== Entries shown ==
┄┄┄┄┄┄┄┄┄┄┄┄┄┄┄┄┄┄┄┄

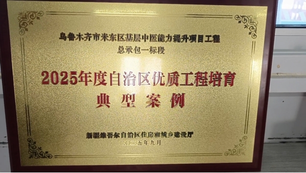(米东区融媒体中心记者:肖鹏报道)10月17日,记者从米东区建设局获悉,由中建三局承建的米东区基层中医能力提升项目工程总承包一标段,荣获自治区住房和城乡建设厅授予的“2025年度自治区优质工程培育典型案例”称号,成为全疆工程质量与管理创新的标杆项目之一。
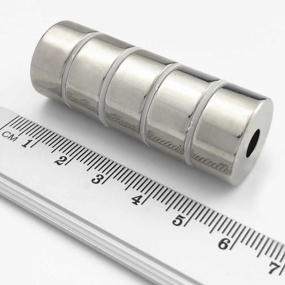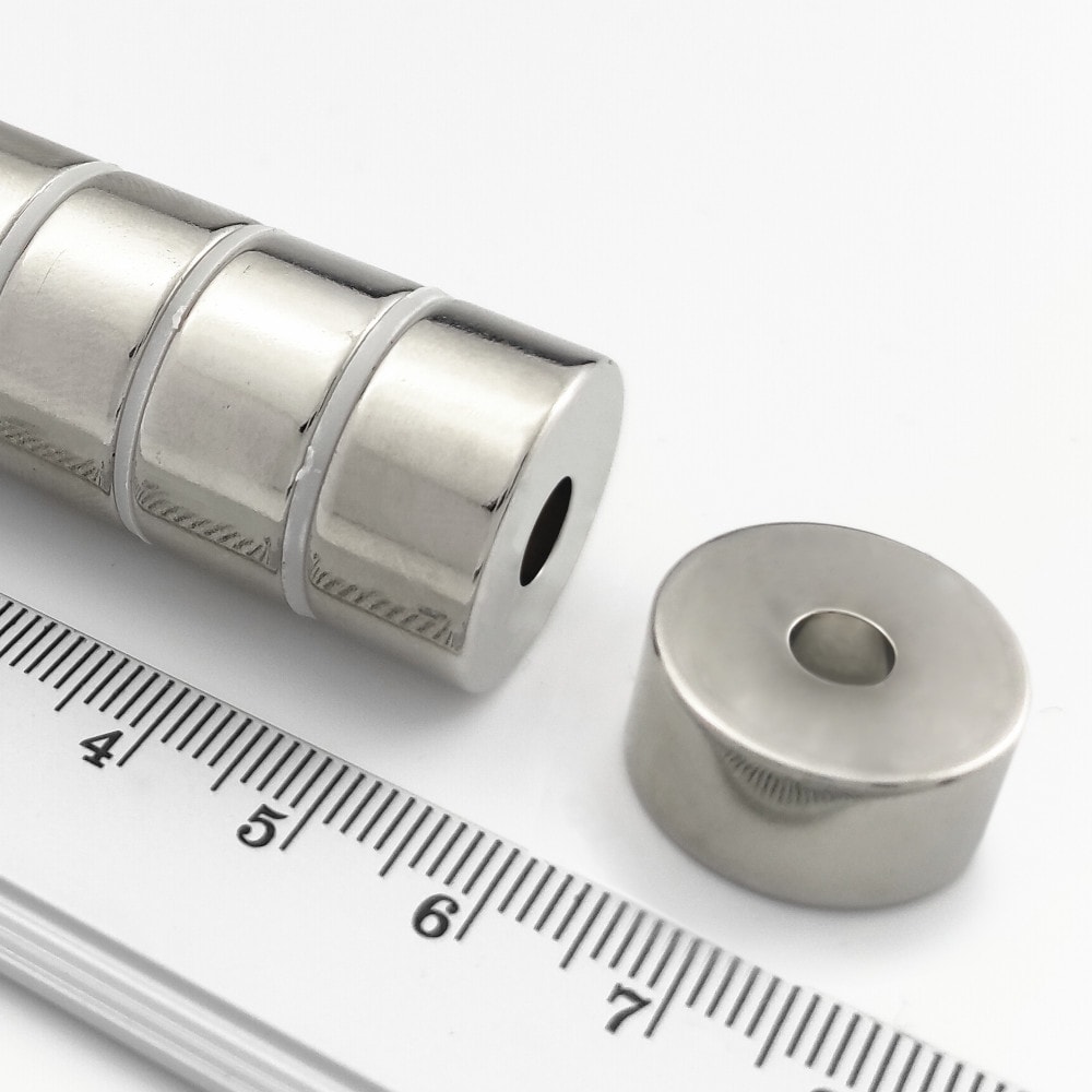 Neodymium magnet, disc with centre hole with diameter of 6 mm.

┄┄┄┄┄┄┄┄┄┄┄┄┄┄┄┄┄┄┄┄

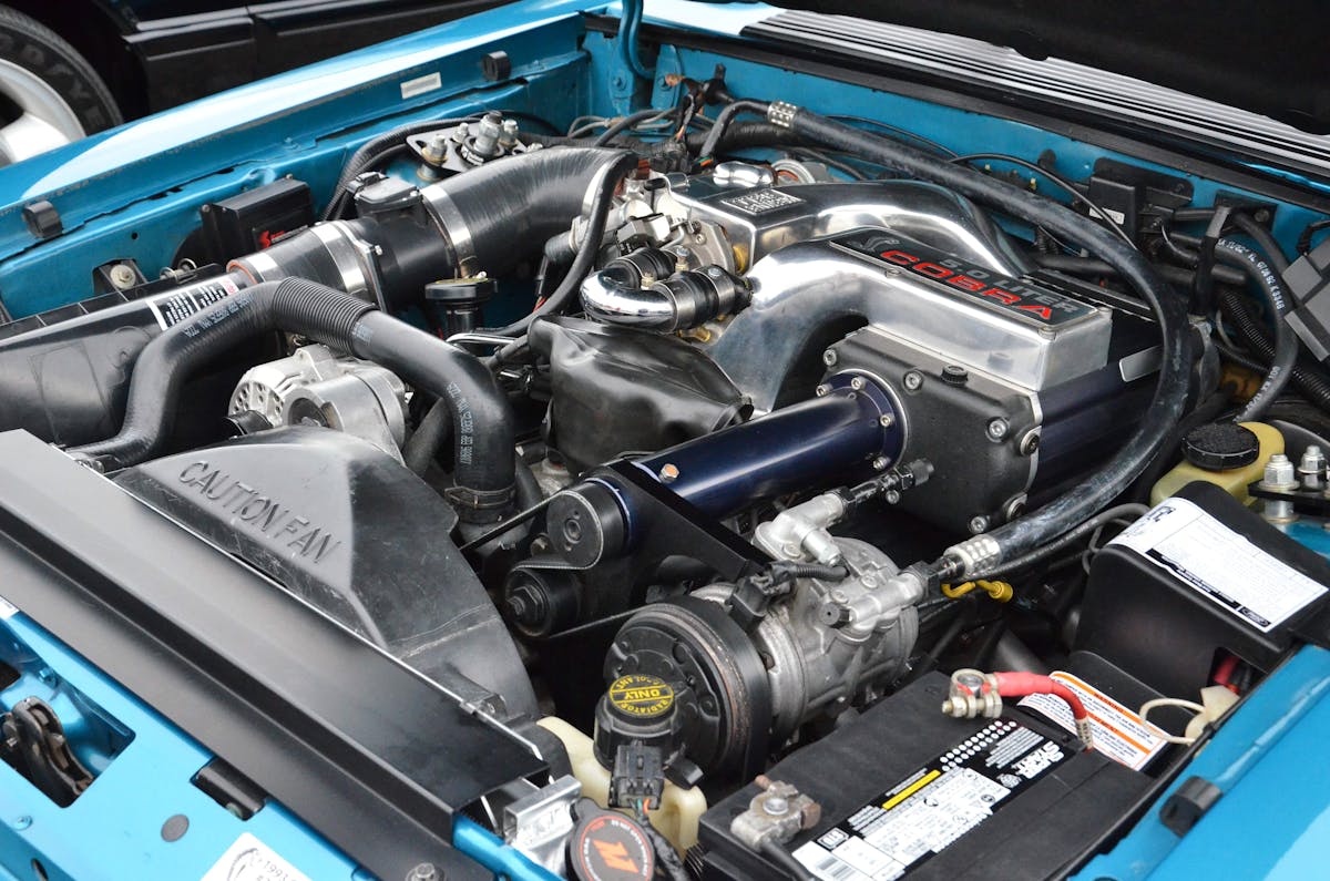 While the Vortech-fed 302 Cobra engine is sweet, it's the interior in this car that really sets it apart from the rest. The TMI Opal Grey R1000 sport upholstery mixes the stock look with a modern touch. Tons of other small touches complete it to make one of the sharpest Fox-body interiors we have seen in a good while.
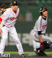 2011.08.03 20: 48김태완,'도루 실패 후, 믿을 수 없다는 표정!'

┄┄┄┄┄┄┄┄┄┄┄┄┄┄┄┄┄┄┄┄

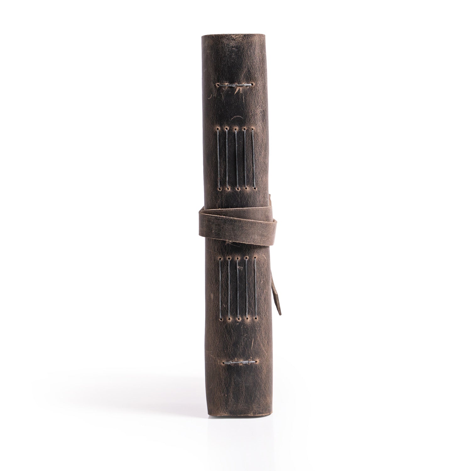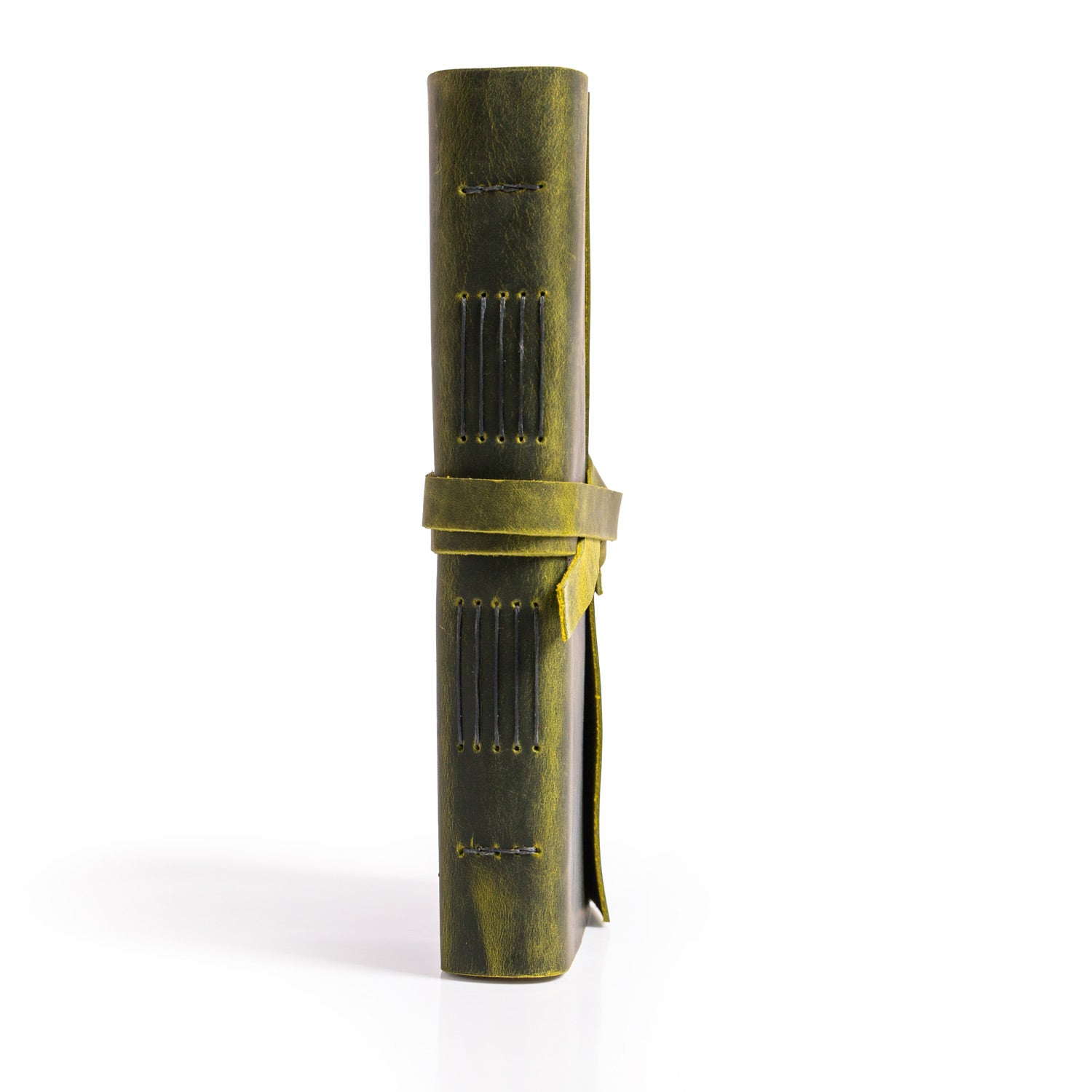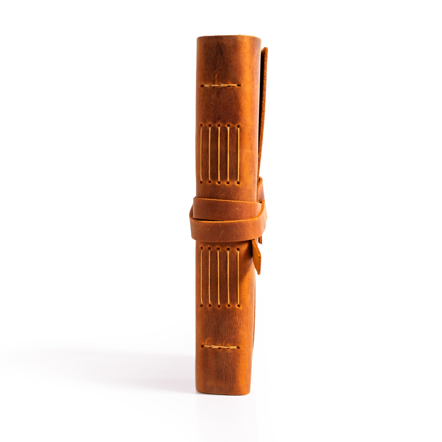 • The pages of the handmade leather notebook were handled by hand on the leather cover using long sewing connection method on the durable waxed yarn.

┄┄┄┄┄┄┄┄┄┄┄┄┄┄┄┄┄┄┄┄

== Aim of the exercise ==
In the listing above, find the line containing "(米东区融媒体中心记者:肖鹏" and the line containing "Neodymium magnet, disc"; print those lines and every line between them exactly, leaving out pictures.

== Exercise output ==
(米东区融媒体中心记者:肖鹏报道)10月17日,记者从米东区建设局获悉,由中建三局承建的米东区基层中医能力提升项目工程总承包一标段,荣获自治区住房和城乡建设厅授予的“2025年度自治区优质工程培育典型案例”称号,成为全疆工程质量与管理创新的标杆项目之一。
 Neodymium magnet, disc with centre hole with diameter of 6 mm.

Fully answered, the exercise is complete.